The Jewish Council for Public Affairs (JCPA) has come out with guidelines for “Elevating the Discussion to Advance Peace: Distinguishing Between Criticism of and Bias against Israel.” Developed by Ethan Felson, vice president and general counsel of the Jewish Council for Public Affairs; Rabbi Yehiel Poupko, rabbinic scholar from the Jewish Federation of Metropolitan Chicago; and Rabbi David Sandmel, senior advisor on interreligious affairs at the Religious Action Center of Reform Judaism, these criteria and ideas are designed to express a broad consensus among American Jewish leadership. When consistent with these criteria, those who raise critiques of Israel’s policies will find conversation partners in the American Jewish community, they say.
The objective of the pamphlet JCPA has published is to encourage civil debate about complex issues involving the Israeli-Palestinian conflict without devolving into acrimony or bigotry. Criticism of Israel is not necessarily anti-Semitic any more than criticism of Palestinians is necessarily anti-Muslim or anti-Arab, they explain. Israel, as a Western democracy, is often held to a different standard than other countries in the region. However, they draw seven lines in the sand.

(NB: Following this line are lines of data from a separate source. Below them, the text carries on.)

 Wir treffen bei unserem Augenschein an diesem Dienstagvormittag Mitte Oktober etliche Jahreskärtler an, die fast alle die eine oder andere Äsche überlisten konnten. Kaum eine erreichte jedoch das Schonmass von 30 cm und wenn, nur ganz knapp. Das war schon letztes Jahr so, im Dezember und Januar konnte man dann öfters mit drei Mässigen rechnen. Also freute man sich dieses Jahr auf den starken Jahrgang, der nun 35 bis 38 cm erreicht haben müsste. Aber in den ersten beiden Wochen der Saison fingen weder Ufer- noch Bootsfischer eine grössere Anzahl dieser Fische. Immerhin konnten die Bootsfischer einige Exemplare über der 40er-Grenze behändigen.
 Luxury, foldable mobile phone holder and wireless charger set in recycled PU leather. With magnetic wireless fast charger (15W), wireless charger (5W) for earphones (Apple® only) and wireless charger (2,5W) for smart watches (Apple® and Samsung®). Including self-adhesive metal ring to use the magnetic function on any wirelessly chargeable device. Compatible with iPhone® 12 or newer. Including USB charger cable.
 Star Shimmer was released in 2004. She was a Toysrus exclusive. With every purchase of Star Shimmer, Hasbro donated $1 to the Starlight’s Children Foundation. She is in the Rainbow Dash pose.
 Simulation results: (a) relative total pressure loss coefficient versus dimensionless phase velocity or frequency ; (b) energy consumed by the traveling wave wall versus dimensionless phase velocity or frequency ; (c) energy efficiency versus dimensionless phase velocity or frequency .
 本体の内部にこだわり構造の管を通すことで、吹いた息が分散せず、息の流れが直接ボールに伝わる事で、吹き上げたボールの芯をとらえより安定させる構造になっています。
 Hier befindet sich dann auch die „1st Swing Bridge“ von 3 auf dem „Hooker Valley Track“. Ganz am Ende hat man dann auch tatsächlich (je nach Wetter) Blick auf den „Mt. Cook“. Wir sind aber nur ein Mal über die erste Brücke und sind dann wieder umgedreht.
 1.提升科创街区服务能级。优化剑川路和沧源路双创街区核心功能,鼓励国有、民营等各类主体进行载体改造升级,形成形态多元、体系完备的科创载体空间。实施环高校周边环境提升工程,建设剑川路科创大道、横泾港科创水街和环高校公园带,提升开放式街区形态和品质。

1) Denying the very legitimacy of the State of Israel and the right of the Jewish people as a nation to sovereignty in any portion of its ancient homeland.
2) Criticizing the efforts of the State of Israel to defend itself without considering the right to self-defense or the causes that lead to the need for self-defense.
3) Assigning to Israel responsibility for all Palestinian violence and incitement, or justifying all Palestinian violence and incitement.
4) Failing to acknowledge when Israel takes risks for peace and takes positive steps in the treatment of Palestinians and to end the conflict.
5) Criticizing Israel for its wrongs while not criticizing others involved in the conflict for their wrongs or identifying Israel as the root of all the problems in the Middle East, because moral integrity is linked to moral consistency.
6) Employing certain anti-Jewish motifs, such as those that assert Jewish control or conspiracy to control finance, media or government.
7) Using outdated Christian theological understandings of Judaism and the Jewish people, which most churches have repudiated since the Holocaust, in discourse about the Israeli-Palestinian conflict.
Will some people ever stop fearing the unknown? Will some people ever stop resenting people who have more than they do? While neither of these concepts makes sense to an educated, sophisticated, democratic populace, such ideas can be overwhelming elsewhere.
Anti-Semitism may never go away, but we can do our best to educate ourselves to combat it by educating those around us. Knowing that real Israelis help real Palestinians – and many other people in the world during times of crisis – is a good start.